Monday, May 26, 2008

Oil firms losing Rs 580 crore daily

25 May, 2008, 1219 hrs IST, TNN

NEW DELHI: Government-run oil firms will have to wait at least a fortnight before they can raise fuel prices. This would satisfy those in UPA who are arguing for patience on the ground that the rising international crude prices, which had galloped past $135/barrel on Thursday, will slow down to give government leeway to manage the situation.

Even oil ministry, as it presses for a raise, may come around to accept the alternative - and, more crucial, politically more palatable - ways to rescue the oil marketing companies. Other options include raising petrol price by up to Rs 2 a litre but leaving the diesel price unchanged, while simultaneously reducing customs and excise levies. Oil minister may be arguing the brief of the oil companies for higher
pump prices.

But as a politician, even he is not in favour of such a major revision and is pushing hard for reduction in customs and excise levies. This is something the Left and Sharad Pawar had been supporting during the runup to the last revision in
fuel prices in February. But P Chidambarm is loathe to giving up any earning at a time when he has to pay for a slew of social projects and the farm loan waiver.

Reducing Central excise by Re 1 will provide a relief of approximately Rs 7,000 crore a year to the oil marketing firms.
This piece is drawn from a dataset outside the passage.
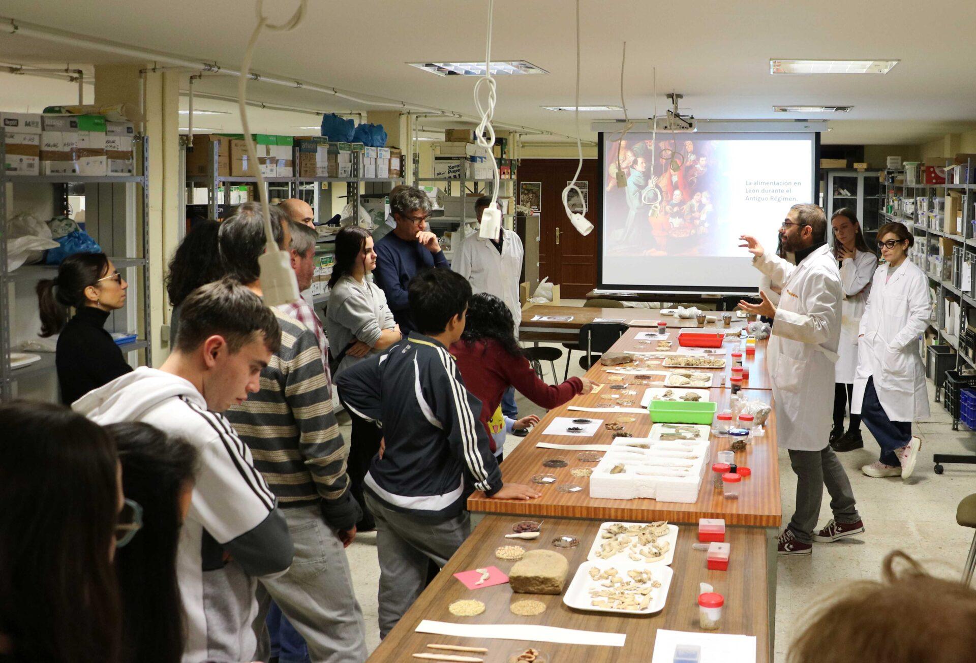 Una jornada con una gran participación de público en la que el laboratorio de Arqueología de la ULE también ha abierto las puertas para contar los ‘Hitos en la historia de la alimentación humana’ a través de un recorrido divulgativo de la dieta y los hábitos alimentarios a lo largo del tiempo.

Similarly, if customs duty is reduced by 5% to nil on crude and 2.5% on motor fuels from 7.5%, the companies will get a relief of roughly Rs 13,300 crore a year. The customs duty reduction has to come on both crude and refined products to avoid giving windfall gains for private companies such as Reliance Industries and Essar, who only run refineries and do not have substantial marketing operations.

But
finance ministry will never give up so much of revenue. Chidambarm could be persuaded to reduce customs on fuels by about 2% and some reduction in Central excise. The argument for reducing duties is being forwarded on the basis of the fact that high oil prices has meant the exchequer grew fatter in 2007-08 by Rs 35,000 crore to Rs 180,000 crore from higher customs mopup, other taxes and dividend from oil firms.

For example, oil firms paid $2 as customs per barrel when the price was $40 and have to pay $5 if the price rises to $100. Besides, other taxes push up pump prices. Out of the Rs 45.52 a litre price of petrol in
Delhi, oil firms get only Rs 22.02 and the remaining money goes as taxes.

Oil marketing firms are losing Rs 580 crore daily on motor and kitchen fuel sales. They are losing Rs 16.34 a litre on petrol, Rs 23.50 on diesel, Rs 29 on kerosene and Rs 316 on each cylinder of cooking gas. Present pump prices correspond to approximately $70-75/barrel of crude, which they are buying at $125-130 a barrel.

Government had allowed them to raise petrol prices prices by Rs 2 a litre and diesel by Re 1 in February. By then, however, international crude had moved to $90-100/barrel. No wonder, they are looking at closing 2008-09 with a loss of Rs 200,000 crore, up from Rs 70,579 crore in 2007-08.